I'm still unsure of the One True Way (TM) to configure gadgets (e.g. width) - so far the only response I got at MW is "use the options API", which is a good way in terms of UX and also when the data is available (i.e. right from the start), but perhaps rather limited in terms of being ale to drive the configuration programatically.
Furthermore, after digging about in PageNumbers.js I'm also unsure if mw.cookies or the Options API are a better bet for storing things like current visibility state.
BTW, I've made some notes at User:Inductiveload/Script development about "offline" development which can be a bit less frustrating that saving every typo into a page's history! Inductiveloadtalk/contribs 17:36, 1 December 2020 (UTC)
@Inductiveload: I think the options API is a good fit for storing user preference, active choices that rarely change, while cookies are a better fit for state and things that can change based on an ad hoc toggle. For PageNumbers.js I'd think of user.options as analogous to {{default layout}}, and mw.cookie as parallel to the toolbar toggle. But don't think too hard about this with PageNumbers.js in mind: that code is a mishmash of different things bolted together and written under the constraints of what MW provided half a decade ago (and affected by cultural factors like fights over the default stylesheet etc.). It needs a thorough rethink before it's an apt use case for anything.
You might also keep in mind mw.storage for other kinds of things you want to stash away. My auto-header scripts stores the current chapter title there, in a per-work key. It's semi-persistent (webstorage is size-capped) and limited to current browser, but for a lot of use cases it's plenty good enough.
All of that is to say, I'm not seeing the use case you have in mind when you say perhaps rather limited in terms of being ale to drive the configuration programatically (too much ale? ;D). I'd love a more full-fledged preferences framework (ala what Apple gives you in Cocoa), but for what it is, the stuff in MW seems… adequate. I feel far more stifled by the design and limitations of OOUI (and MW HTML output when viewed as an API). But it seems likely I'm missing something there?
On offline development, I'm mostly just lazy and find the solutions both awkward and overkill for my needs (I don't write all that much code here). Your notes will be a great help overcoming the "lazy" bit though, if I ever feel I need to take the plunge. They're very helpful and we should stash them somewhere prominent where others in need can find them.
PS. The loupe has been updated, with some general cleanup and fixes after a bit more testing (also de-ES6-ified).

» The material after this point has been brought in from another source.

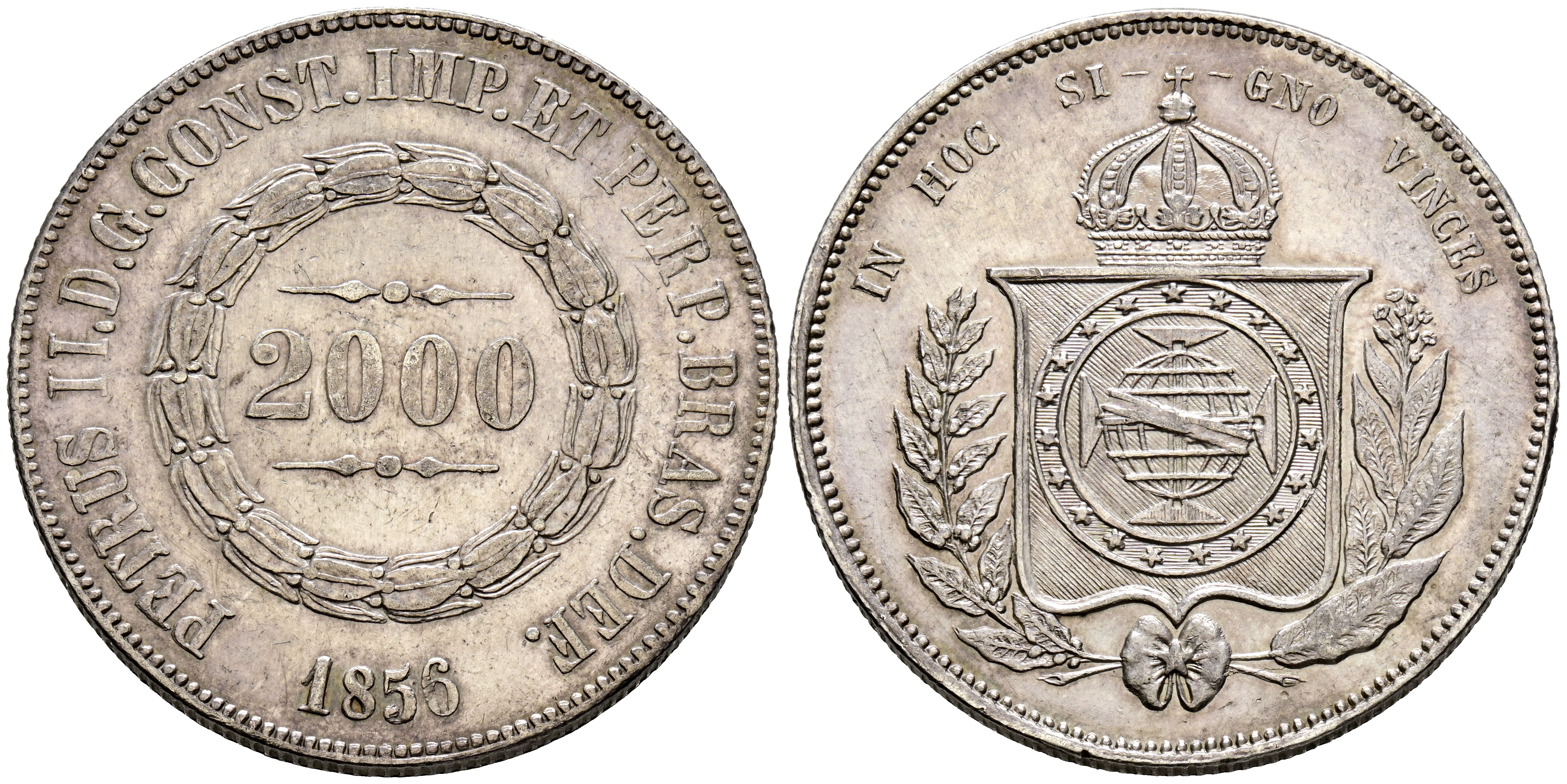 BRASIL, Pedro II. 2000 Reis. (Ar. 25,40g/37mm). 1856. (Km#466). MBC+. Bonito tono.

It turned out nicely enough that I'm starting to think of Gadget-ifying it. It currently breaks other interactions with the page image so it probably needs some way to toggle it on and off. (definitely needs more testing too, I'm half-arsing this in stolen snatches of time) Thoughts, on this that or the other? --Xover (talk) 18:04, 5 December 2020 (UTC)
Sounds sensible re cookies vs options API. I feel like there's probably a fairly waide grey area where neither is wrong.
Re "perhaps rather limited in terms of being ale to drive the configuration programatically: What I mean is things like being able to do very general setup like (psuedocode)
if (pagename.startsWith("Foo") or namespace === "Page") {
    config.replacements.push([
        /myregex([a-z])/,
        function(x) { return "[[ + x + "]]"; }
    ]);
}
where allowing all possible such things would be awkward to express in a way that can be stored and manipulated only though an HTML form (unless it's eval'd JS or something evil like that. Setting strings or ints is one thing, but the beauty (and curse) of allowing JS gadgets is you can have some really powerful configuration options.
I'll investigate the loupe more when I have a mo Inductiveloadtalk/contribs 17:16, 6 December 2020 (UTC)
@Inductiveload: Ah, I see. Well, to me, that's really neither settings nor state; we're talking something akin to a plugin or an extension. And, no, MW doesn't really have any good facility for that use case. The best you can probably do there is a JSON content model page in the user's user space with a Special:BlankPage subpage and a JS GUI for managing it. Which is needlessly complicated and labour-intensive, admittedly. Or possibly you could do it using runtime hooks, where userspace scripts can add regexes to the gadget code through the window object (which I don't think they fence, but I could be wrong) or custom events (ditto). But, yeah, no great options.
In fairness, I'm not really sure how you would design a good system for that in the MW architecture. Our needs here are pretty unique, and they are distinctly non-regular (varying from work to work), creating a need for far more flexibility at the end-user level than most other use cases. --Xover (talk) 18:07, 6 December 2020 (UTC)
The thing I've done/seen done before without going through window is a MW hook fire()/hook(), but, like I was fretting about before, this will only work if you can send the hook() before the fire(). Which admittedly is not so bad when the action fires upon a user's action (e.g. a toolbar click, save, etc), but gives me pause when it happens right away (e.g. page load), as the gadget/user JS relative load ordering is AFAIK totally undefined, though if the gadget waits for DOM ready, user common.js "almost" certainly would be complete. But, if the user config happened, say, in a callback from some external AJAX load (e.g. checking if that page had an IA descriptions available via the File info page), it could easily come after the DOM settling. Inductiveloadtalk/contribs 11:13, 7 December 2020 (UTC)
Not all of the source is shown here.